A poeta esbraceja e satiriza que os temas que vai tratar não estão num ‘flyer’ com o nome “Conteúdos Programáticos de Poesia 2022!”. Ainda assim, há temáticas que a inquietam – além de querer partilhar o poema ‘Capital’, às prostitutas do Martim Moniz, e querer escrever sobre pessoas em situação de sem-abrigo, planeia aproveitar março para falar “sobre ser mulher”.

“Por acaso estava a pensar fazer algo assim mensal, mas algo espontâneo. As minhas inquietações mudam tanto. Por isso é deixar fluir”, diz, acrescentando ainda que “há tempo, e não preciso só de março para falar sobre ser mulher”.

“Contenho o braço inquieto que se quer entrelaçar,
Para melhor deslizar pelos sonhos fora.”

– excerto de ‘A um amor con(tu)ndente”‘Um livro, esse, terá de esperar. Afirma que já caíram propostas no correio, mas Alice admite que escreve devagar e, citando o centenário e prémio Nobel José Saramago, enaltece que um livro é uma responsabilidade e que precisa de sobriedade.

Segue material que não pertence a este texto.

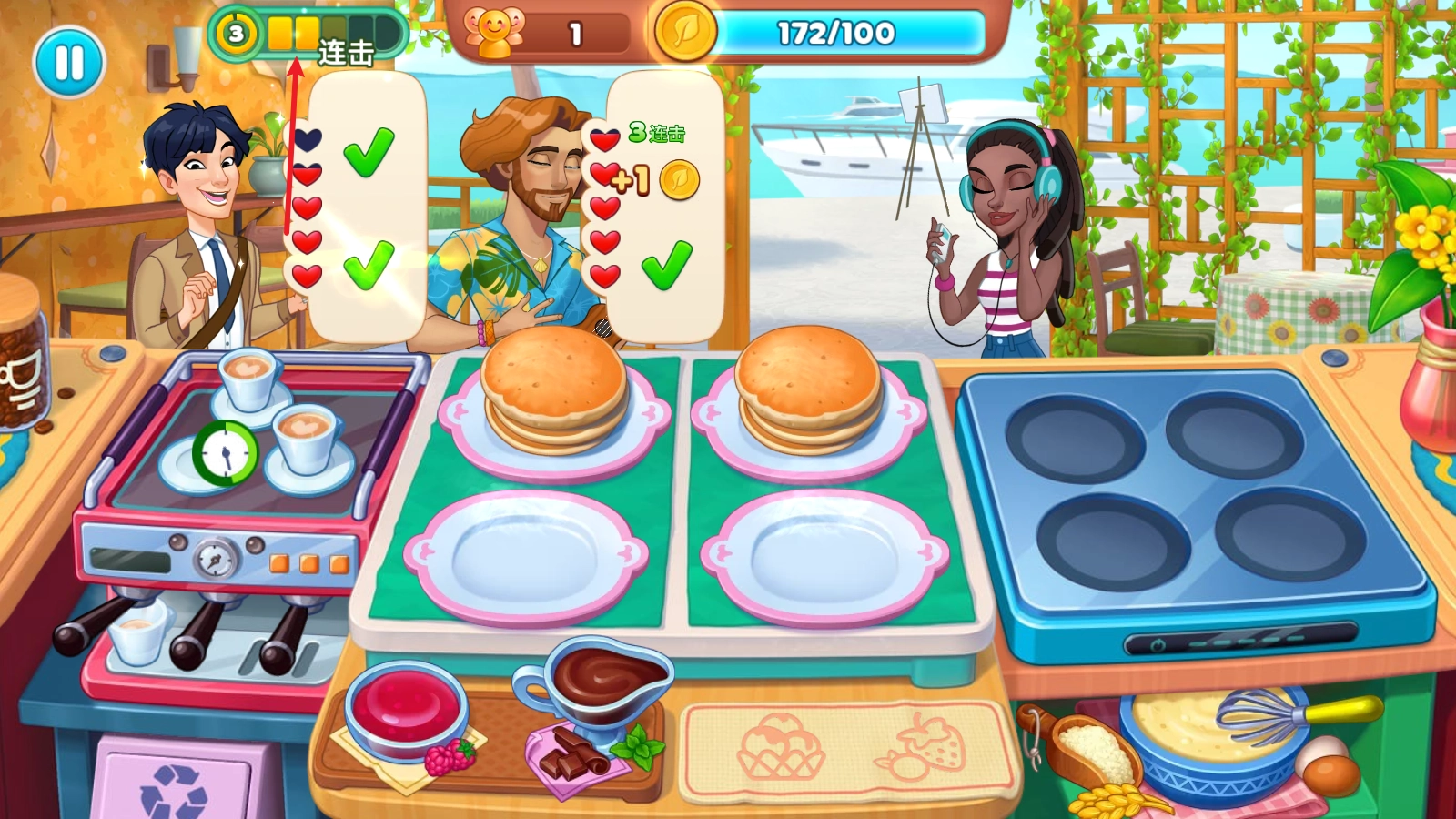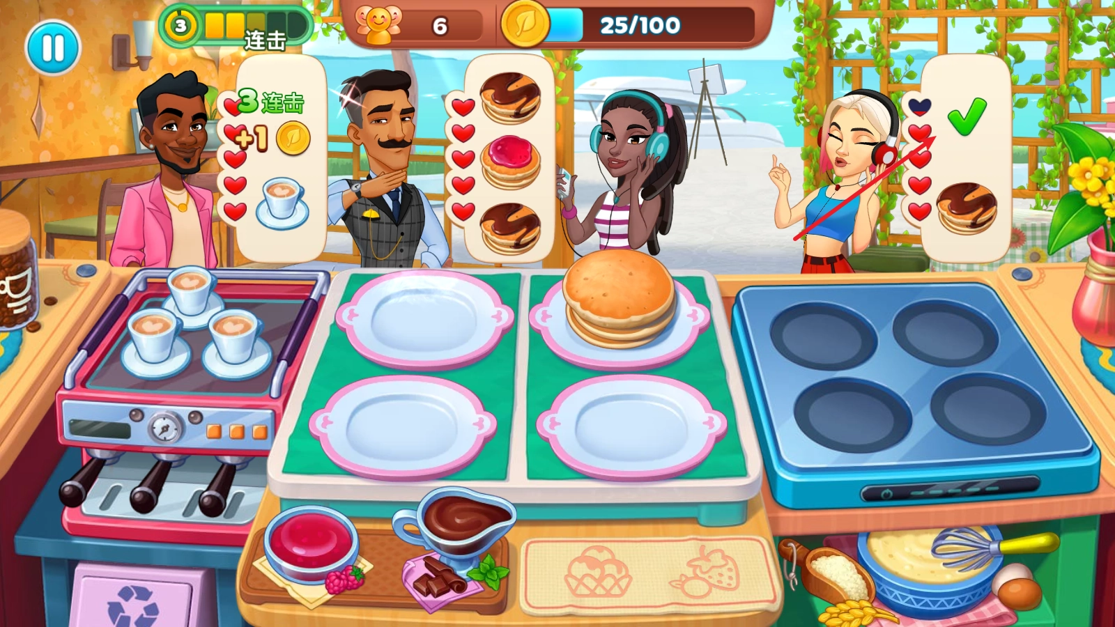 6、连续完成客人的订单,还会触发连击效果,从而获得更高的奖励。

“Não achando que esteja no meu auge de escrita, estou em eterna construção, acho que era comerciável. Acho que as pessoas iriam comprar, nem que fosse pela curiosidade. E o que eu estou a tentar evitar é mesmo isso, é este sensacionalismo sobre aquilo que eu possa vir a publicar. Quero publicar de uma forma sóbria”, diz, concluindo que, para a sua poesia se concretizar, “é preciso deixar os poemas respirar”.